START SUPPLIED MATERIAL
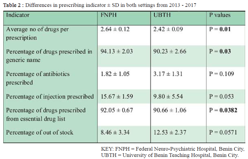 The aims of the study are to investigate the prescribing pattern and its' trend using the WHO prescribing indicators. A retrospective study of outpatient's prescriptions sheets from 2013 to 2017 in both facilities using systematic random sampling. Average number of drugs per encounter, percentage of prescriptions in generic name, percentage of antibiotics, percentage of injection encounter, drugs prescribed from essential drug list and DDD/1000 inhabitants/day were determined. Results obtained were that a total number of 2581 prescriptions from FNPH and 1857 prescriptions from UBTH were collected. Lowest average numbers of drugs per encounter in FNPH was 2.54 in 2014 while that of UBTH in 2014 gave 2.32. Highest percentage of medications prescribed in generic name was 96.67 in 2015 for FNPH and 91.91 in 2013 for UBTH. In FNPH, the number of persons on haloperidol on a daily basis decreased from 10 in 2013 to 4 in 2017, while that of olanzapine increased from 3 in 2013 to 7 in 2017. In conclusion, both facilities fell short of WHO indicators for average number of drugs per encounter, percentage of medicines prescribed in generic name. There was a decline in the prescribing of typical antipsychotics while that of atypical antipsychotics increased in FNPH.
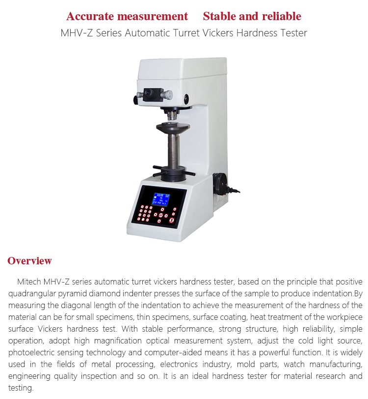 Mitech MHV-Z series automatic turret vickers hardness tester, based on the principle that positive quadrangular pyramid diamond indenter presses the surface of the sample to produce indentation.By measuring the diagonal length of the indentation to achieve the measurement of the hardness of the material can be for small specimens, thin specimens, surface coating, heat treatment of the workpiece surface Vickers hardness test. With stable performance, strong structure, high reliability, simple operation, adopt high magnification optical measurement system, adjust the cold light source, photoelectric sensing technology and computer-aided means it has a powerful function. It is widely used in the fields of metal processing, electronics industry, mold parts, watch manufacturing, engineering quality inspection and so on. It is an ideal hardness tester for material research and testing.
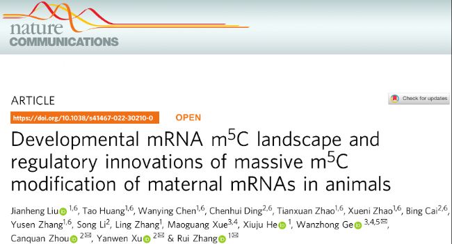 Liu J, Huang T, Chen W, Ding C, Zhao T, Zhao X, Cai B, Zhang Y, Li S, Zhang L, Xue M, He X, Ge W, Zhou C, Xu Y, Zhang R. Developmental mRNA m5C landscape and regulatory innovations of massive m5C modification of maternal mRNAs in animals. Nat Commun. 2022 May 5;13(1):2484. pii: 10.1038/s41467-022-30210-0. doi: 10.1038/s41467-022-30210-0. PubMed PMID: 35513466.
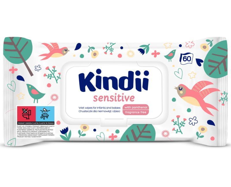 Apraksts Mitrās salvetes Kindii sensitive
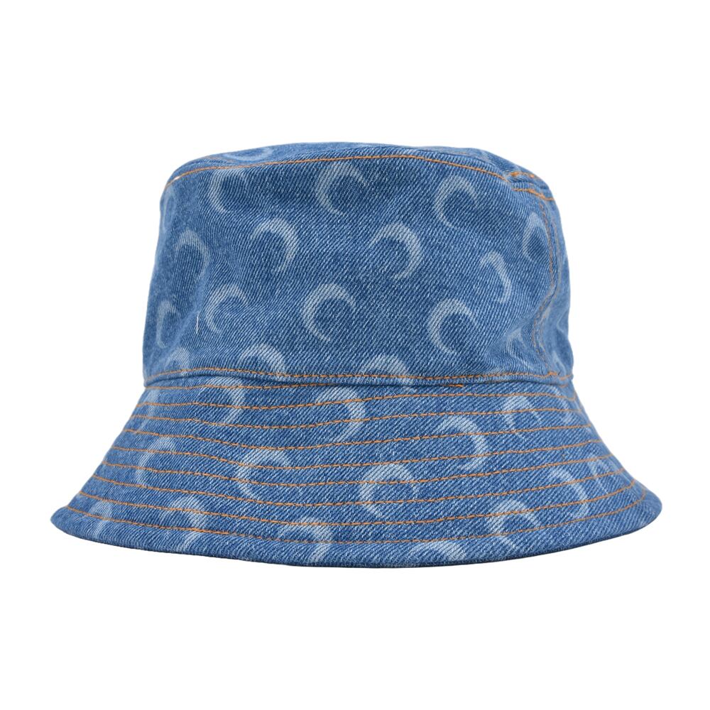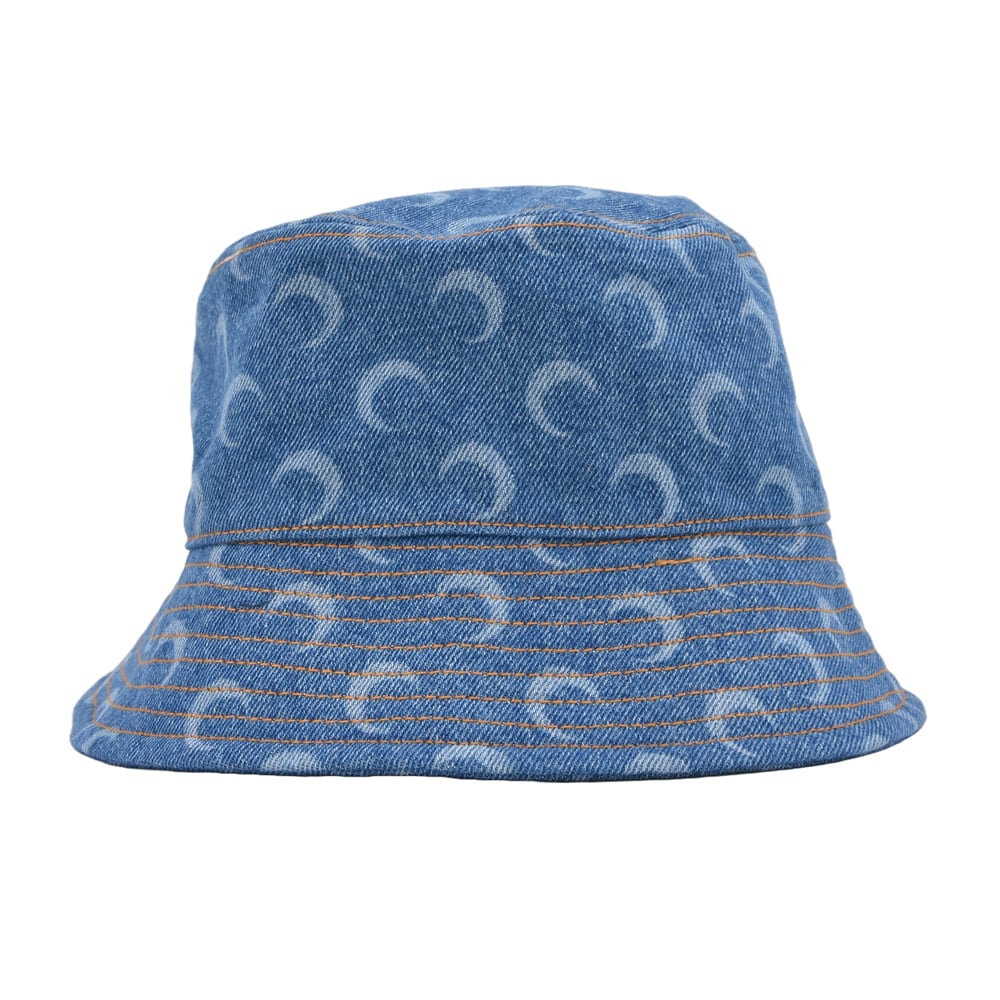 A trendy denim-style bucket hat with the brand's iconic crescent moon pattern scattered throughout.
END SUPPLIED MATERIAL
● **YOUR OBJECTIVE**: Any picture found in the data is to be skipped while the rest is copied exactly.

● **COMPLETED TASK**:
 The aims of the study are to investigate the prescribing pattern and its' trend using the WHO prescribing indicators. A retrospective study of outpatient's prescriptions sheets from 2013 to 2017 in both facilities using systematic random sampling. Average number of drugs per encounter, percentage of prescriptions in generic name, percentage of antibiotics, percentage of injection encounter, drugs prescribed from essential drug list and DDD/1000 inhabitants/day were determined. Results obtained were that a total number of 2581 prescriptions from FNPH and 1857 prescriptions from UBTH were collected. Lowest average numbers of drugs per encounter in FNPH was 2.54 in 2014 while that of UBTH in 2014 gave 2.32. Highest percentage of medications prescribed in generic name was 96.67 in 2015 for FNPH and 91.91 in 2013 for UBTH. In FNPH, the number of persons on haloperidol on a daily basis decreased from 10 in 2013 to 4 in 2017, while that of olanzapine increased from 3 in 2013 to 7 in 2017. In conclusion, both facilities fell short of WHO indicators for average number of drugs per encounter, percentage of medicines prescribed in generic name. There was a decline in the prescribing of typical antipsychotics while that of atypical antipsychotics increased in FNPH.
 Mitech MHV-Z series automatic turret vickers hardness tester, based on the principle that positive quadrangular pyramid diamond indenter presses the surface of the sample to produce indentation.By measuring the diagonal length of the indentation to achieve the measurement of the hardness of the material can be for small specimens, thin specimens, surface coating, heat treatment of the workpiece surface Vickers hardness test. With stable performance, strong structure, high reliability, simple operation, adopt high magnification optical measurement system, adjust the cold light source, photoelectric sensing technology and computer-aided means it has a powerful function. It is widely used in the fields of metal processing, electronics industry, mold parts, watch manufacturing, engineering quality inspection and so on. It is an ideal hardness tester for material research and testing.
 Liu J, Huang T, Chen W, Ding C, Zhao T, Zhao X, Cai B, Zhang Y, Li S, Zhang L, Xue M, He X, Ge W, Zhou C, Xu Y, Zhang R. Developmental mRNA m5C landscape and regulatory innovations of massive m5C modification of maternal mRNAs in animals. Nat Commun. 2022 May 5;13(1):2484. pii: 10.1038/s41467-022-30210-0. doi: 10.1038/s41467-022-30210-0. PubMed PMID: 35513466.
 Apraksts Mitrās salvetes Kindii sensitive
 A trendy denim-style bucket hat with the brand's iconic crescent moon pattern scattered throughout.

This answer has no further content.